Я посмотрел на чайник.
– Однако за день до смерти старик дал Константину добро, и тот укатил в Москву.
Стеклов правильно понял мой взгляд, подъехал к подоконнику и вновь включил электроприбор. Затем внимательно посмотрел на меня.
– Мне кажется, Иван Павлович, ты думаешь, что профессор разрешил сыну покинуть
Мой телефон зазвонил, на экране появилось слово «Николетта», я выключил звук и продолжил делиться своими соображениями.
– Вилковский-Вилкин был далеко не глуп. Он хорошо понимал: если закрутить гайку, ее сорвет, и кипяток из трубы в разные стороны хлынет. Костя до зубовного скрежета хотел выбраться из леса, не желал провести жизнь, помогая старшим в подпольной лаборатории. Как ни следи за парнем, а наступит момент, когда спать ляжешь, а он удерет. Лучше пойти ему навстречу. Но нужно как-то подстраховаться. Полагаю, Фаина пасла Костю и, возможно, по сию пору тем же занимается.

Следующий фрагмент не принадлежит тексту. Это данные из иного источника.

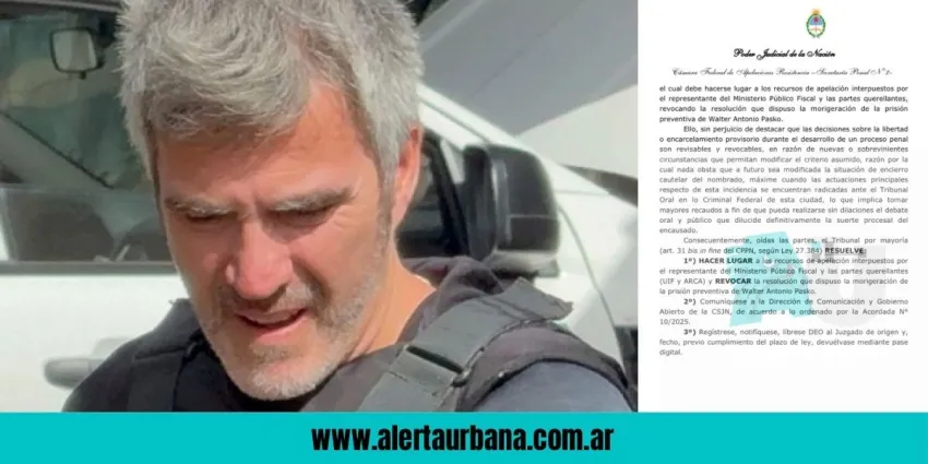 La Cámara Federal de Apelaciones de Resistencia con la firma de las juezas Rocío Alcalá y Patricia García revocó la prisión domiciliaria concedida a Walter Antonio Pasko, imputado en una causa por "asociación ilícita fiscal e infracción Art. 303 inc. 1". La decisión del 18 de julio de 2025 se tomó tras acoger los recursos de apelación presentados por el Ministerio Público Fiscal, la Unidad de Información Financiera (UIF) y la Agencia de Recaudación y Control Aduanero (ARCA).

Я взял из рук Сергея Даниловича полную чашку.
– Если погибшая, чьи останки до сих пор неопознаны и находятся в морге, это Ирина, версия о самоубийстве, даже при наличии предсмертного письма, мне не кажется убедительной. Константин мог меня обмануть. Он сказал, что не хочет общаться с родственницей, но на самом деле встретился с ней. Ирина и Ольга в детстве шантажировали воспитанников интерната, грозили рассказать про их тайны, и ребята выполняли их приказы. Что, если Ирина решила использовать тот же прием против брата? При поступлении в интернат ей было всего девять лет, но она могла знать какую-нибудь нехорошую тайну Кости, вот и заявила ему: «Дай мне денег, не то всем правду расскажу!» С нажитым Константин расставаться не собирался, поэтому нашел решение проблемы, использовав таблетки от гипертонии.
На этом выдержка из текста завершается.